Energy can be neither created nor destroyed. It can only change forms.
In any process in an isolated system, the total energy remains the same.
For a thermodynamic cycle the net heat supplied to the system equals the net work done by the system.
The First Law states that energy cannot be created or destroyed; rather, the amount of energy lost in a steady state process cannot be greater than the amount of energy gained. This is the statement of conservation of energy for a thermodynamic system. It refers to the two ways that a closed system transfers energy to and from its surroundings – by the process of heat transfer and the process of mechanical work. The rate of gain or loss in the stored energy of a system is determined by the rates of these two processes. In open systems, the flow of matter is another energy transfer mechanism, and extra terms must be included in the expression of the first law.
The First Law clarifies the nature of energy. It is a stored quantity which is independent of any particular process path, i.e., it is independent of the system history. If a system undergoes a thermodynamic cycle, whether it becomes warmer, cooler, larger, or smaller, then it will have the same amount of energy each time it returns to a particular state. Mathematically speaking, energy is a state function and infinitesimal changes in the energy are exact differentials.
All laws of thermodynamics but the First are statistical and simply describe the tendencies of macroscopic systems. For microscopic systems with few particles, the variations in the parameters become larger than the parameters themselves, and the assumptions of thermodynamics become meaningless.

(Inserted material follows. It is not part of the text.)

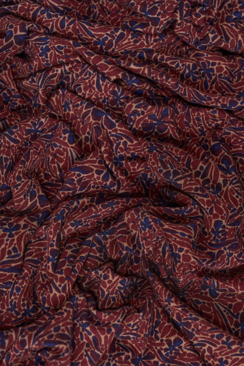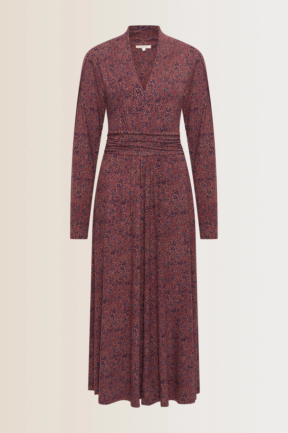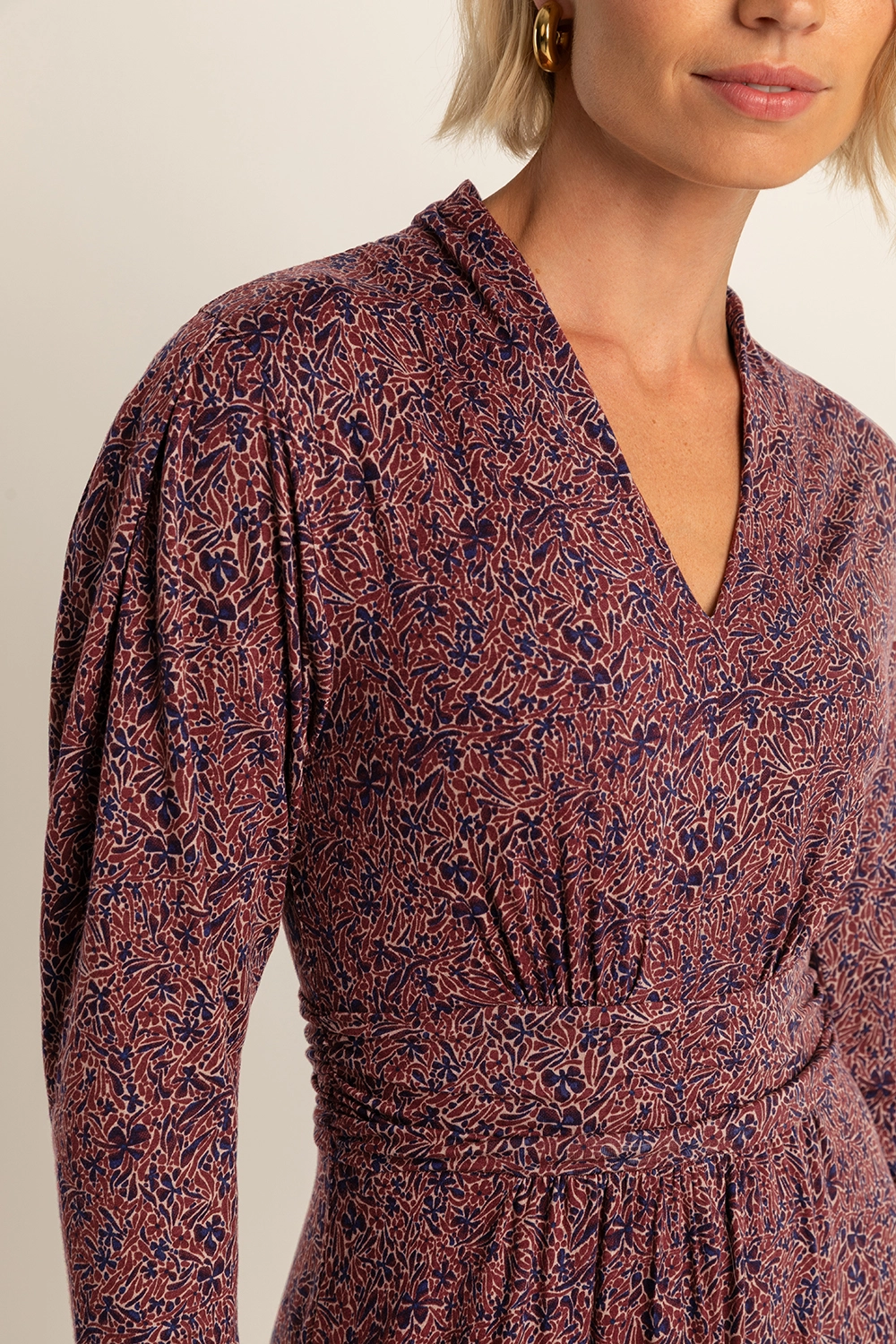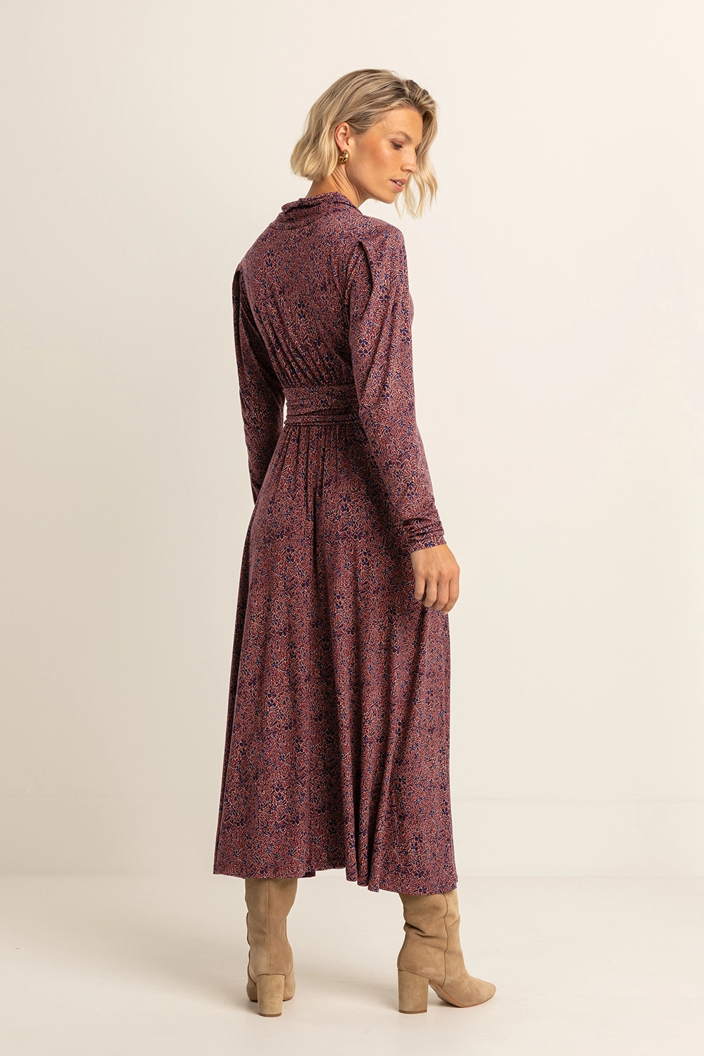 Bordeauxrode maxi-jurk – zachte jersey met all-over dessin in rood- en blauwtinten. Het getailleerde model met plooidetail in de taille benadrukt het vrouwelijke silhouet, terwijl de soepele stof mooi meebeweegt. De V-hals en lange mouwen maken deze jurk geschikt voor zowel werk als diner. Een veelzijdige stijl die je met hakken of laarzen eindeloos kunt combineren.

Fundamental thermodynamic relation
The first law can be expressed as the fundamental thermodynamic relation:
Heat supplied to a system = increase in internal energy of the system + work done by the system
Increase in internal energy of a system = heat supplied to the system - work done by the system
dU = TdS - pdV\,
Where:
* U is internal energy
* T is temperature
* S is entropy
* p is pressure
* V is volume
This is a statement of conservation of energy: The net change in internal energy (dU) equals the heat energy that flows in (TdS), minus the energy that flows out via the system performing work (pdV).